8. Another defence advanced by the respondents was that the learned Commissioner has confirmed the demand on the allegation that the goods imported duty free have been clandestinely cleared; however, no evidence to this effect has been produced; no stock taking was done. We find that there is merit in the argument of the respondents. On going through the records of the case and rival submissions, we find that no attempt has been made by the Department to ascertain the stock available and the stock consumed. Though, it has been alleged that the respondents have cleared the stock of inputs clandestinely, no investigation, whatsoever, appears to have taken place in this regard to ascertain the purchasers, the transportation and the receipt of such sale. It is seen that no stock taking has been done at any point of time. No Panchnama, on the date of visit on 04/05-09-2001, indicating stock taking appears to have been placed on record. Under the circumstances, allegation of clandestine removal bereft of any evidence cannot be upheld. We find that the learned Commissioner observed that no evidence was put on record to substantiate the said allegations; the show-cause notice is silent on important issues like from where the job work was done, to whom and how these chemicals were sent; onward movement and return of formulations and there is no evidence on the purported use of the formulations in any of the orchards. Therefore, we are of the considered opinion that the Department has not made any case of clandestine removal against the appellants.

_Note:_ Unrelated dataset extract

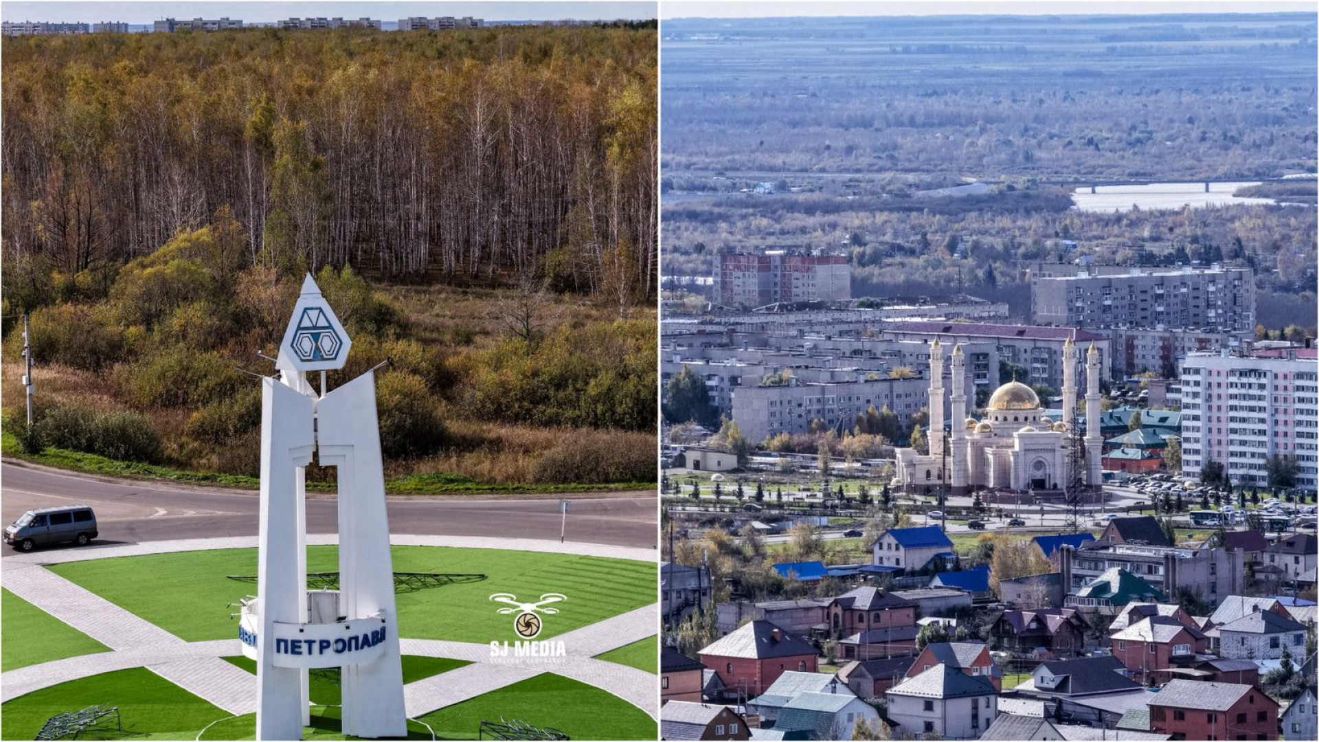В черте Петропавловска расположено множество парков и скверов, отмечает видеограф. Через город протекает река Есіл, а неподалёку находится озеро Пёстрое.

9. We find that learned Commissioner has gone through the issue raised in the show-cause notice and the submissions of the appellants and has given a considered and reasoned opinion on the basis of available evidence on record. The Department has not brought out any cogent reason, whatsoever so as to negate the findings of the learned Commissioner. Under the circumstances, we find that no case has been made out against the impugned order.

10. In view of the above discussion, we are of the considered opinion that the impugned order is sustainable and requires no interference. Accordingly, the Department’s appeal is dismissed.